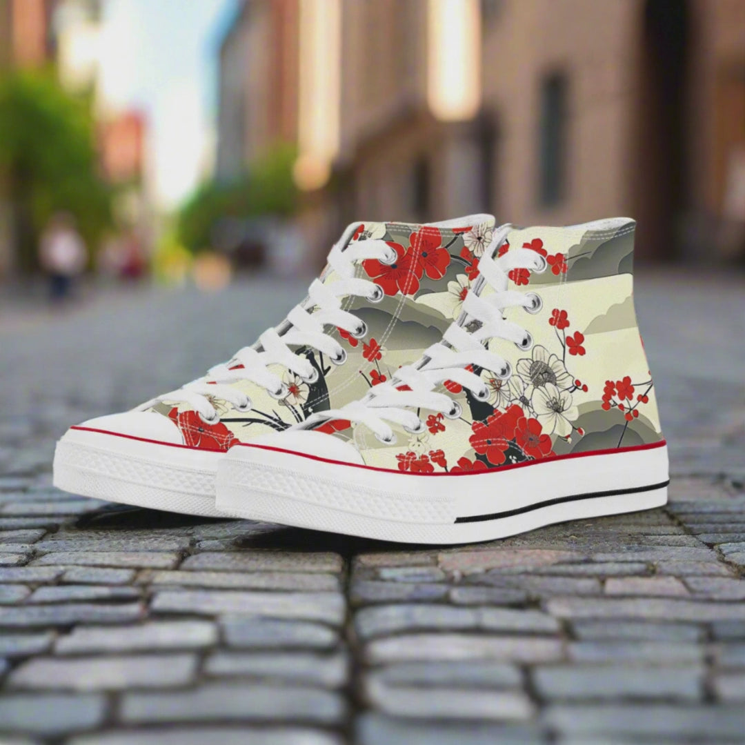 Black Low-Top Sneakers with Pink Cherry Blossom Print
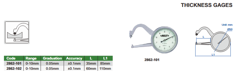 Uređaj za mjerenje debljine 0-10 mm, L = 35mm, Insize
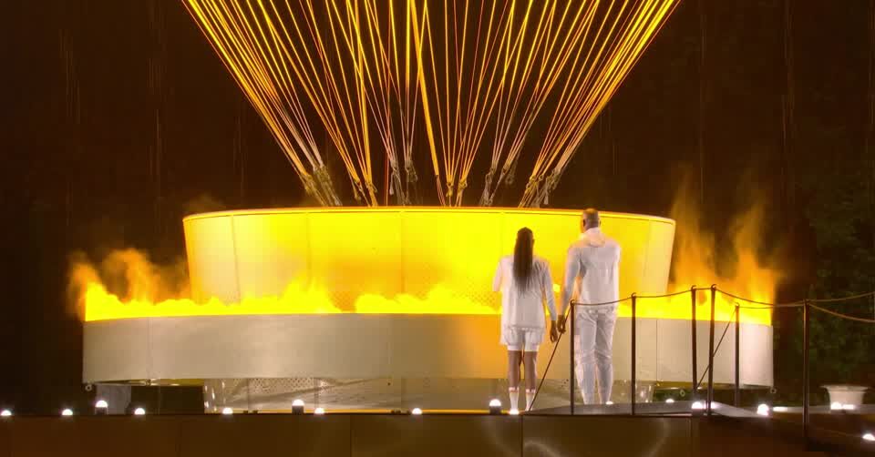 ไฮไลต์สำคัญของการจุดคบเพลิง เริ่มต้นจากผู้ถือคบเพลิงในหน้ากาก ส่งคบเพลิงให้ ซีเนดีน ซีดาน ตำนานเพลย์เมคเกอร์ ฟุตบอลทีมชาติฝรั่งเศส ก่อนส่งต่อให้ ราฟาเอล นาดาล นักเทนนิสชาวสเปน ที่คว้าแชมป์เฟรนซ์ โอเพ่น 16 สมัย หลังจากนั้นคบเพลิงจะผ่านมือนักกีฬาทั้งในอดีตและปัจจุบัน อย่าง เซเรนา วิลเลียมส์ ยอดนักเทนนิสหญิงอเมริกัน และ อเมลี โมเรสโม แชมป์เทนนิสวิมเบิลดันและออสเตรเลียน โอเพ่น ชาวฝรั่งเศส นาเดีย โคมาเนชี สุดยอดนักยิมนาสติกจากโรมาเนีย คาร์ล ลูอิส อดีตนักวิ่งลมกรดชื่อดังชาวอเมริกัน และ โทนี่ ปาร์คเกอร์ ตำนานนักบาสเกตบอลทีมชาติฝรั่งเศส และนำไปสู่การจุดคบเพลิงที่ “บอลลูนลอยฟ้า” โดย 2 นักกีฬาฝรั่งเศสอย่าง เท็ดดี้ ริเนอร์ แชมป์โลกยูโด 10 เหรียญทอง และ 3 เหรียญทองโอลิมปิก และ มารี-โชเซ เปเรช เจ้าของ 3 เหรียญทอง กรีฑาโอลิมปิกวิ่ง 200 เมตร และ 400 เมตร ของฝรั่งเศส เพื่อประกาศว่ากีฬาโอลิมปิก 2024 ที่กรุงปารีส ได้เปิดฉากอย่างเป็นทางการแล้ว บอลลูนสูง 30 เมตร พร้อมด้วยวงแหวนเส้นผ่าศูนย์กลาง 7 เมตร ที่ลุกโชนด้วยไฟโอลิมปิก จะลอยอยู่บนฟ้าระหว่างเวลาพระอาทิตย์ตกจนถึงเวลา 2.00 น. ทุกๆ วัน
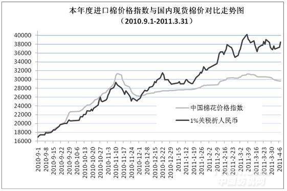 3月國內(nèi)棉花現(xiàn)貨市場先漲后跌。上旬受國際價(jià)格、紡織企業(yè)補(bǔ)庫、棉商惜售等因素影響,持續(xù)小幅上漲;中旬后,日本地震引發(fā)大宗商品市場全面回落,國內(nèi)外期貨行情大幅波動(dòng)回落,對現(xiàn)貨市場形成壓力,加之紡織企業(yè)經(jīng)營狀況不佳,原料采購更趨謹(jǐn)慎,國內(nèi)棉花價(jià)格不斷下滑,月末已低于月初水平,但月均價(jià)環(huán)比仍上漲近千元。其中CCIndex328級月均價(jià)30733元/噸,較2月上漲938元/噸,漲幅3.1%,較去年同期上漲15172元/噸,漲幅98%;CCIndex229級月均價(jià)32630元/噸,環(huán)比上漲1211元,同比上漲16467元。CCIndex527級均價(jià)為27771元/噸,環(huán)比上漲605元,同比上漲13303元。

————————

§ Exercise: Every line between the start of the listing and the line containing "Uređaj za mjerenje", both ends counted, needs to be printed exactly, minus the pictures.

§ Answer to this exercise:
 Black Low-Top Sneakers with Pink Cherry Blossom Print
 Uređaj za mjerenje debljine 0-10 mm, L = 35mm, Insize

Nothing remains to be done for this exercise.